Practical Implementation¶

So far, we have covered all the core steps of the Decision Tree Learning algorithm and provided basic implementations for each step. For a more practical use, we combined all the methods into the two classes SeleneDecisionTreeClassifier and SeleneDecisionTreeRegressor. Under the hood, both classes perform the exact same steps we have covered. Let's use the SeleneDecisionTreeClassifier to train a Decision Tree for the classification task of our toy dataset; in the code cell below, since we assume the default values for all arguments, we train a full tree.

In [29]:
np.random.seed(12)

classifier = SeleneDecisionTreeClassifier().fit(X_classification, y_classification)

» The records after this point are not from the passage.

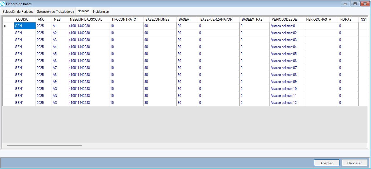 Con estos datos confeccionamos las nĂ³minas de atrasos y posteriormente el Fichero de Bases de CotizaciĂ³n para el envĂo al Sistema de LiquidaciĂ³n Directa (SILTRA)
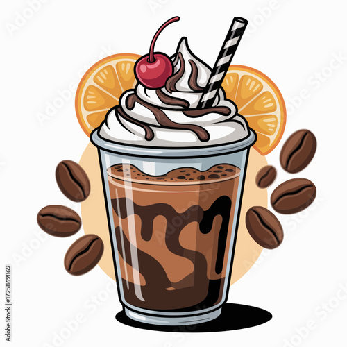 A Beautiful Collection of Various Coffee Drinks and Café Beverages Including Latte Art, Espresso, Frappe, and Takeaway Cups Vector Set
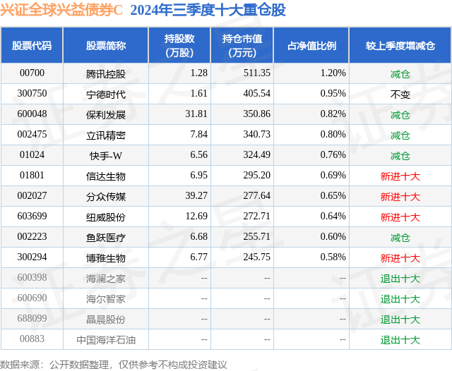 从基金规模来看,兴证全球兴益债券C基金2024年三季度公布的基金规模为2.67亿元,较上一期规模3.6亿元变化了-9274.88万元,环比变化了-25.8%。该基金最新一期资产配置为:股票占净值比13.68%,债券占净值比94.85%,现金占净值比3.04%。从基金持仓来看,该基金当季前十大股票仓位达7.69%,第一大重仓股为腾讯控股(00700),持仓占比为1.2%。
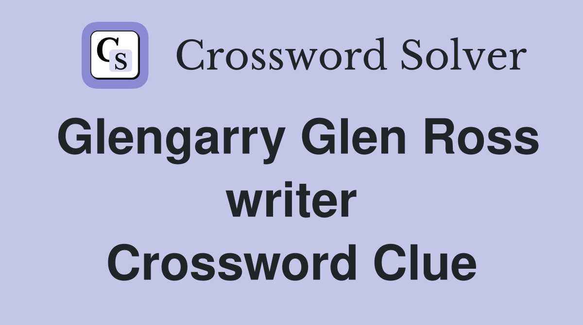 Glengarry Glen Ross writer Crossword Clue Answers Crossword Solver
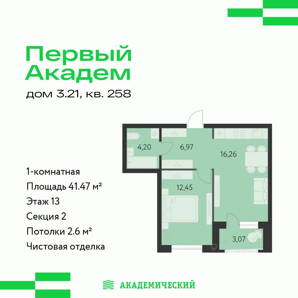 Продается 1-комнатная квартира площадью 41.47 кв.м. от девелопера "Академический" в жилом квартале "Первый Академ". Срок сдачи дома в 2028 году. Выгоды и скидка напрямую от застройщика. Дом расположен на въезде в район, отличается удобной транспортной развязкой. Рядом новая трамвайная линия и остановка общественного транспорта. Пять домов разной этажности. Эко-тренды во дворах. Холлы и фасады в стиле ар-деко. На территории квартала предусмотрено множество удобств для жильцов, включая видеонаблюдение 24/7, двор без машин, кладовые и подземный паркинг с выходом из лифта, коммерция на первых этажах.
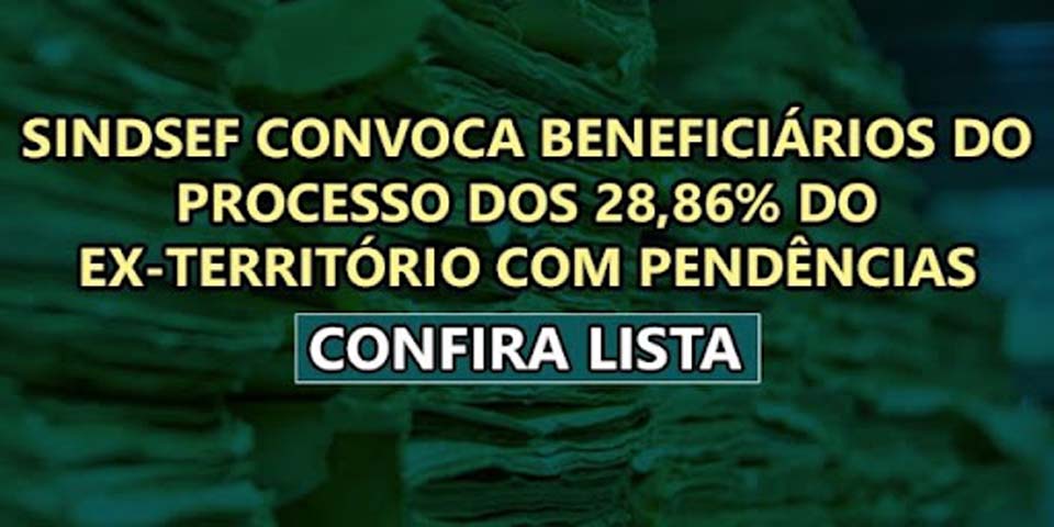 O Sindicato dos Servidores Públicos Federais no Estado de Rondônia – Sindsef/RO convoca os servidores CONSTANTES NA RELAÇÃO NOMINAL, beneficiários do processo dos 28,86% do Ex-Território (2007.41.00003678-3), que tem como patrono o Escritório Olympio Moraes Junior & Adv. Associados, , para que compareçam a uma das Coordenações Regionais ou Sede Administrativa do sindicato e apresentem documentação solicitada:

While our custom implementation does not support any beautiful graph-based representation, the implementation still provides a simple text-based representation of the Decision Tree showing all the relevant details; the indentation naturally reflects the depth of a node in the tree.

In [30]:
print(classifier)
 X[3], threshold=4, score=0.5, samples=[1 1 0 1 0 0 1 0 0 1]
--- Leaf, gini: 0.000, samples: [1 1 1 1]
--- X[0], threshold=77, score=0.278, samples=[1 0 0 0 0 0]
------ Leaf, gini: 0.000, samples: [0 0 0 0]
------ X[3], threshold=10, score=0.5, samples=[1 0]
--------- Leaf, gini: 0.000, samples: [1]
--------- Leaf, gini: 0.000, samples: [0]

For a sanity check, we can also train a Decision Tree using the DecisionTreeClassifier class of scikit-learn — like we did at the very beginning of the notebook.

In [31]:
np.random.seed(8)

sklearn_classifier = DecisionTreeClassifier().fit(X_classification, y_classification)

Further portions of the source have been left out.